With most of the club’s payroll tied up in but a hand full of players in 2011, the Chicago Cubs are going to have a difficult time improving the team over the 2010 version. If they are to do so, they’ll have to get mighty creative with the roster, and the maneuvers used to create it.

For that reason, no suggestion should go unconsidered. Tyler Colvin at first base? Ok, let’s see. Andrew Cashner back to the rotation? I’m game. Trade Marlon Byrd? Hmm. Maybe.

What to do: Byrd is 33 with two more years left on his contract. A lot of the talk on this blog and elsewhere is that the Cubs ought to try to trade Byrd while his value is high. The Cubs and GM Jim Hendry long have been accused of rarely “selling high” on players when they make trades. One exception I can think of is Mark DeRosa, even though that trade was panned by many Cubs fans at the time. No doubt Byrd brings a nice approach to the game. The Cubs believe center-field prospect Brett Jackson is coming fast. You’re stuck with Alfonso Soriano in left (his contract has four more years to run). The Cubs want Tyler Colvin to play, and as much as first base has been talked about, it appears to me they want him to remain in the outfield.

If you don’t move Kosuke Fukudome, he could be a stopgap in center while the Cubs wait for Jackson (even though Fukudome is much better in right). DailyHerald.com.

It must be said that Marlon Byrd is, by all accounts, a tremendous teammate and wonderful person.
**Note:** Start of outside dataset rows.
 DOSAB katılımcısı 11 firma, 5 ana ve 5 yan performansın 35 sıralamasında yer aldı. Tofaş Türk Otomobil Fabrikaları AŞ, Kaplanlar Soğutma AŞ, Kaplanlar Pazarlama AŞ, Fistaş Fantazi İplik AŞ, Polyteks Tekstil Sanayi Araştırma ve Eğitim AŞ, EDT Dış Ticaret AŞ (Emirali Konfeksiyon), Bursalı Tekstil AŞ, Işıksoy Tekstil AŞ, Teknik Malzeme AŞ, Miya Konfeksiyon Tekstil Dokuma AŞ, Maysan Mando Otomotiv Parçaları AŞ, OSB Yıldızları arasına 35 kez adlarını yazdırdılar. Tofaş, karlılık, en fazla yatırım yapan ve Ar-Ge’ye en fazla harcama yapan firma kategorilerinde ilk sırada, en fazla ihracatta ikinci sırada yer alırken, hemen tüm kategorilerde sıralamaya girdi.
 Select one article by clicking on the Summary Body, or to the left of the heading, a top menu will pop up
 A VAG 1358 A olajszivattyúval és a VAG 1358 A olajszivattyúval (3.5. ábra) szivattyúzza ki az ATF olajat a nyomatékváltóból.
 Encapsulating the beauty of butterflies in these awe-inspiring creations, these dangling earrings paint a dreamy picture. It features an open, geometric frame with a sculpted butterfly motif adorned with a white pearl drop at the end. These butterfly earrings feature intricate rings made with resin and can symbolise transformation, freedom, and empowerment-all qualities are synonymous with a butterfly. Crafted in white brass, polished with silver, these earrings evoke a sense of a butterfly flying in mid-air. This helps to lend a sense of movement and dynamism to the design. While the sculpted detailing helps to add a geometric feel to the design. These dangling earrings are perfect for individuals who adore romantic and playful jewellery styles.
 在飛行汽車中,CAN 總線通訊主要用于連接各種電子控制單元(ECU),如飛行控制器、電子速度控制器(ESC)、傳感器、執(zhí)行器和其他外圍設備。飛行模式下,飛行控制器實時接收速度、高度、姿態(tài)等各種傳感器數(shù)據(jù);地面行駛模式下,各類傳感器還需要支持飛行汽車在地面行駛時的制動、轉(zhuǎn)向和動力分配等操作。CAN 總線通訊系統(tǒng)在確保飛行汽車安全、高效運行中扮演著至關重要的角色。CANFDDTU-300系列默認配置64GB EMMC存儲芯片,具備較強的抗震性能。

Those qualities don’t always translate to on-field success, but they certainly don’t hurt. Byrd gives his all every game, and the fans love him – like it or lump it, that has value to the team when considering whether to keep him.
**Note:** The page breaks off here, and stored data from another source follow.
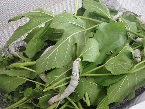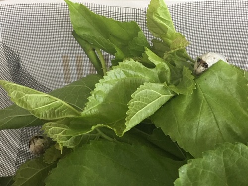 持ち帰った桑の葉の量に限りがあるため、足りなくなるのではと心配する職員を横目に、蚕たちはこの日もモリモリと桑の葉を頬張っていました。
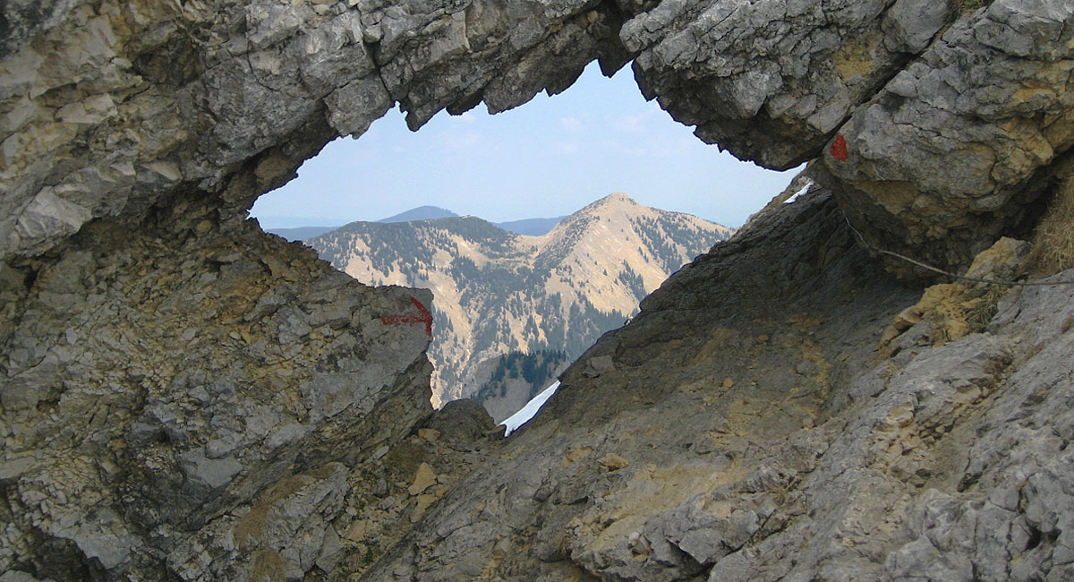 Blick durch das Fensterl an der Hochplatte auf Firstberg und Grubenkopf
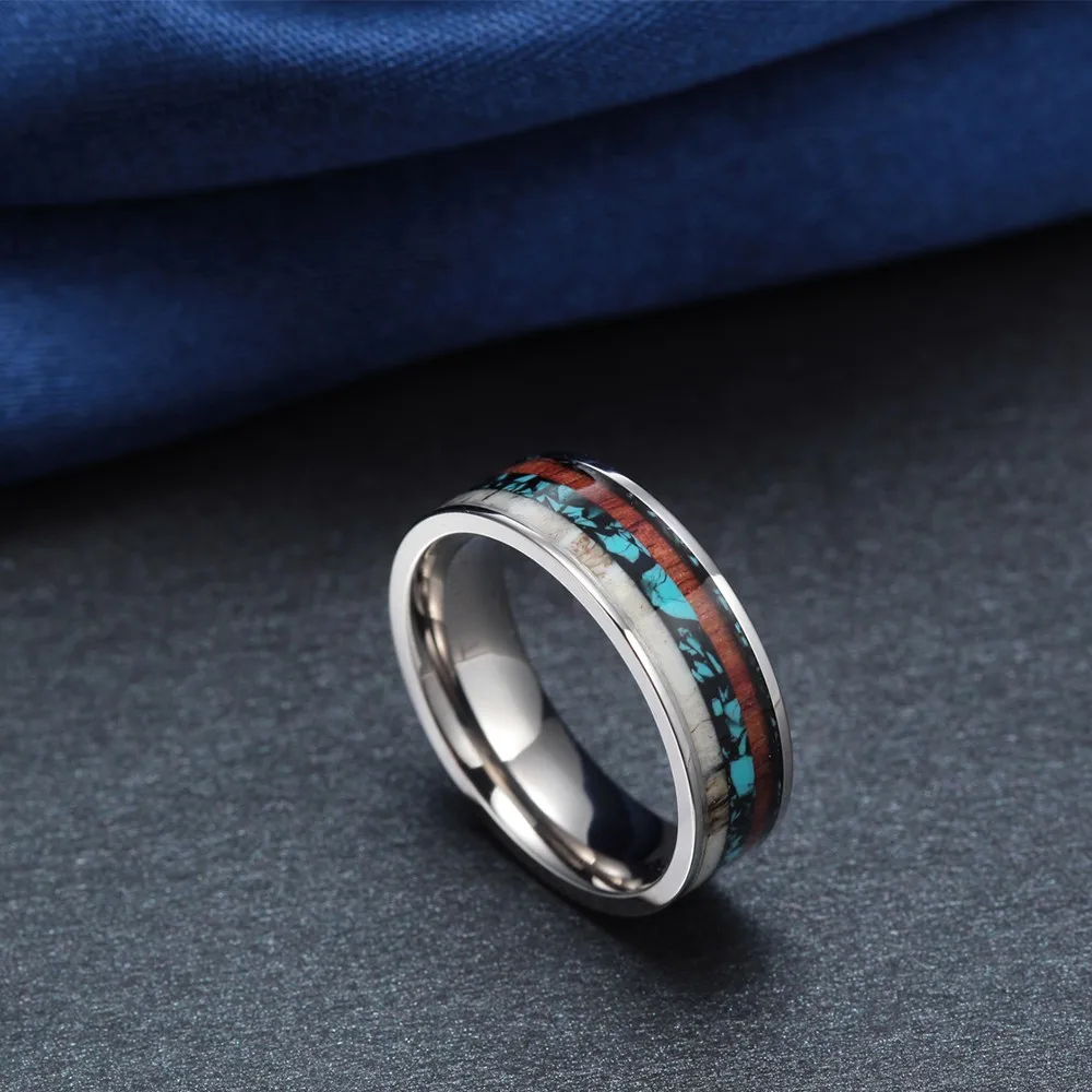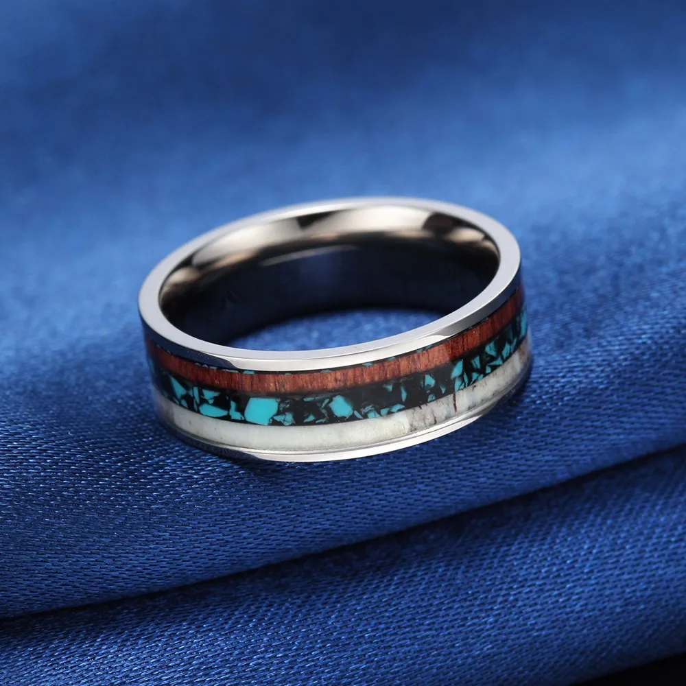 Product Name: Vintage 8 6mm mężczyźni obrączka naturalne oryginalne Deer poroża drewna wkładka tytanowy pierścień Warcraft Bague Femme Anillos Anel Masculino

That all said, there are compelling reasons for trading Byrd. In addition to the emergence of Brett Jackson (who, it should be noted, played center field only part time AA Tennessee this year), Byrd’s perceived value is perhaps as high as it will get. The key word there is “perceived.” In reality, after a great first few months, Byrd was terrible in the second half of the season – he managed a measly .261/.321/.361 line. Are his slightly above-average defense and intangible clubhouse value enough to overcome that kind of production?
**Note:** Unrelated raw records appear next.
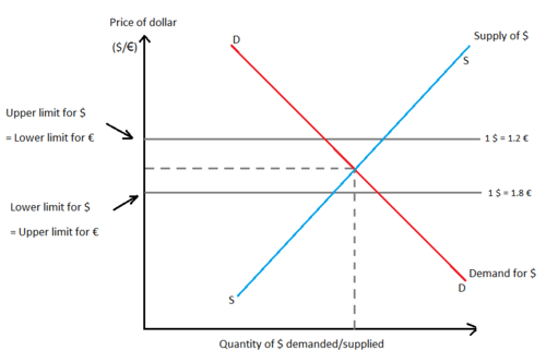 The demand for foreign exchange is derived from the domestic demand for foreign goods, services, and financial assets. The supply of foreign exchange is similarly derived from the foreign demand for goods, services, and financial assets coming from the home country. Fixed exchange-rates are not permitted to fluctuate freely or respond to daily changes in demand and supply. The government fixes the exchange value of the currency. For example, the European Central Bank (ECB) may fix its exchange rate at €1 = $1 (assuming that the euro follows the fixed exchange-rate). This is the central value or par value of the euro. Upper and lower limits for the movement of the currency are imposed, beyond which variations in the exchange rate are not permitted. The "band" or "spread" in Fig.1 is €0.4 (from €1.2 to €0.8).[13]
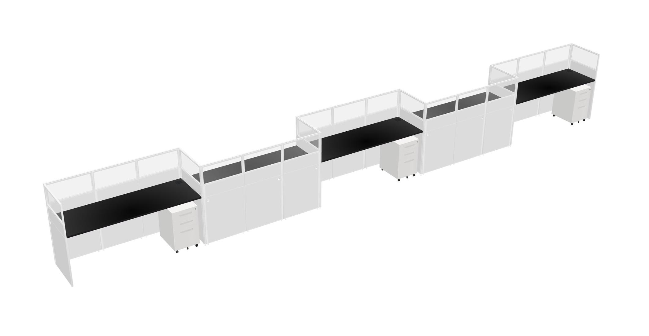Black Rectangular Cubicle Workstations For 5 - Zigzag Formation + White Metal Mobile Drawers
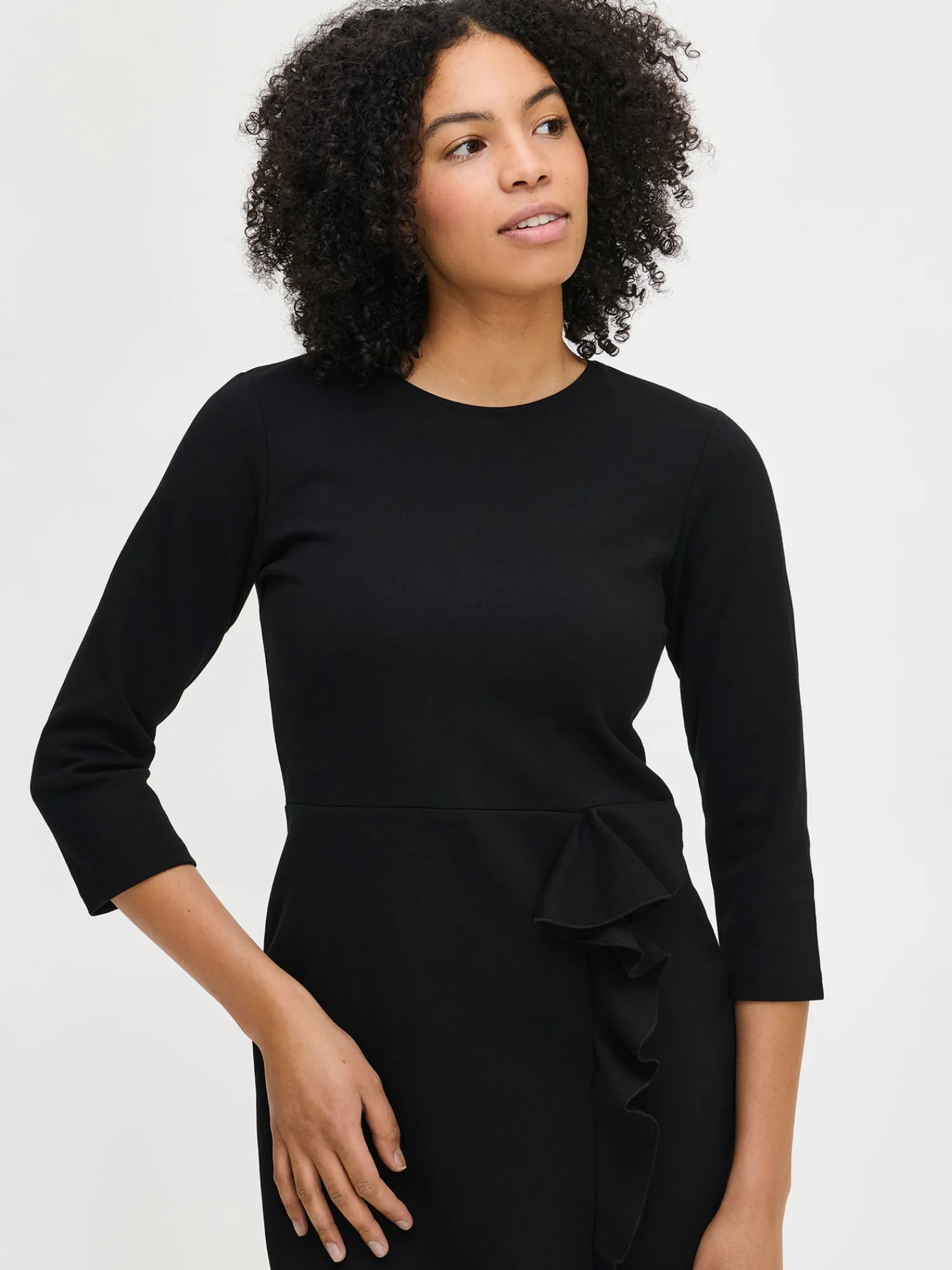 Naisten ajaton yksivärinen Opera-mekko. Istuvassa mekossa on pyöreä pääntie, poikkileikkaussauma vyötäröllä sekä 3/4-pituiset hihat. Suoralinjaisessa helmassa on halkio ja kaunis frilla. Pituus koossa M on noin 110 cm. Materiaali on miellyttävän tuntuista, paksumpaa interlock-neulosta.
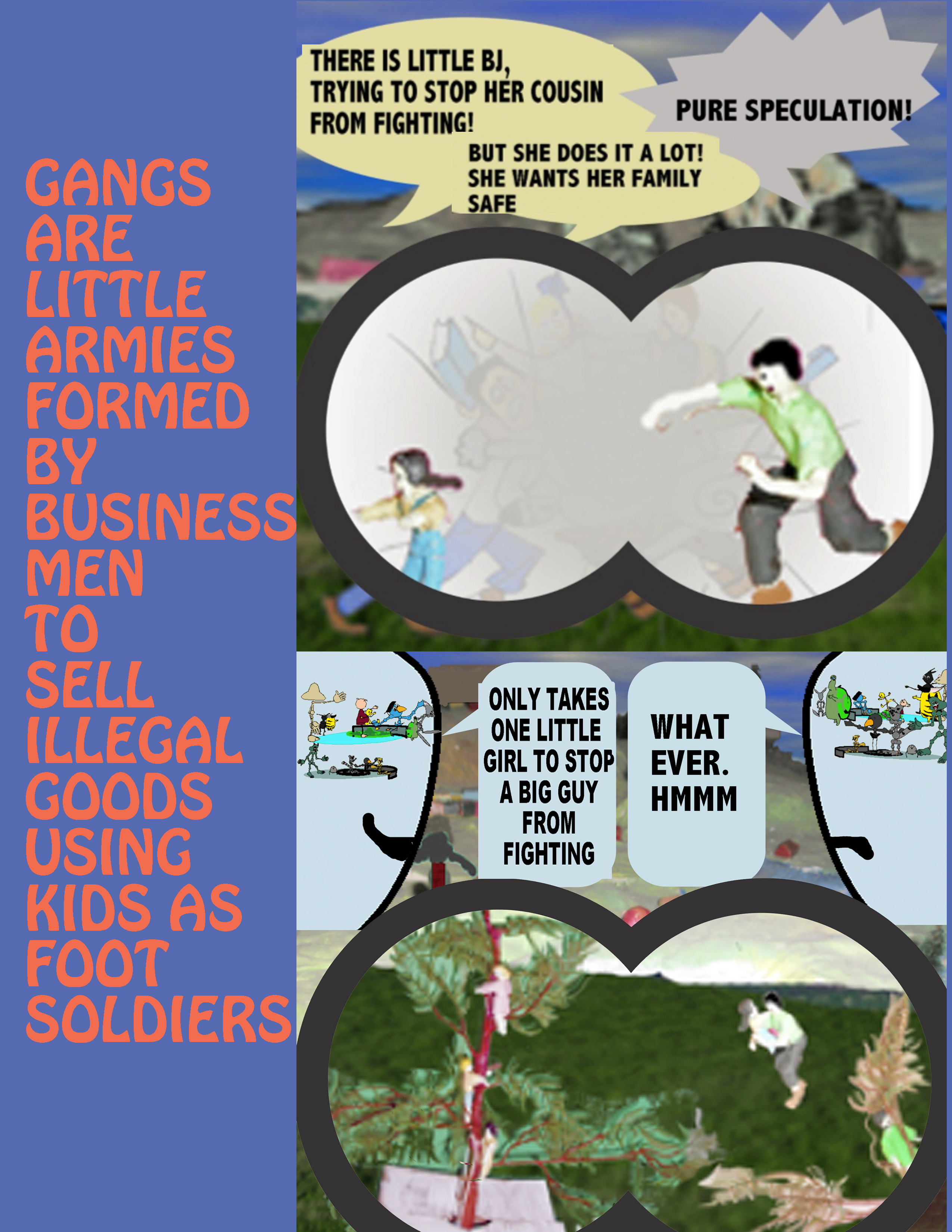 Many of our children get into the wrong crowds that do mischief. Unsavory people can put them up to gang behaviors to sell their addictive goods, such as drugs or stolen good. Grandma is looking at the fight with her Upper Nature and Grandpa with his let anything go attitude and cynicism.

Perhaps the most likely reason for moving Byrd, were he to be moved, would be financial. Byrd was bargained priced this season at just $3 million, but next year his salary bumps up to $5.5 million, before reaching $6.5 million in the final year of his deal in 2012. If – and it’s a big if – Kosuke Fukudome and Tyler Colvin could reasonably hold down center and right field until Brett Jackson is ready to take over in center (and that, too, is another if), the Cubs could save $5 million that the team could put to use at first base, in the rotation, or in the bullpen.

In the end, it seems unlikely that the Cubs will consider this kind of progressive, non-reactionary move, and unlike many other non-moves, I probably won’t bitch about this one. The simple fact is that I enjoy watching Marlon Byrd play. And in the end, isn’t that what this is all about? Yes, of course, my primary joy comes from seeing the Cubs win – but next to that, I want to like the Cubs’ players. And I like Marlon Byrd.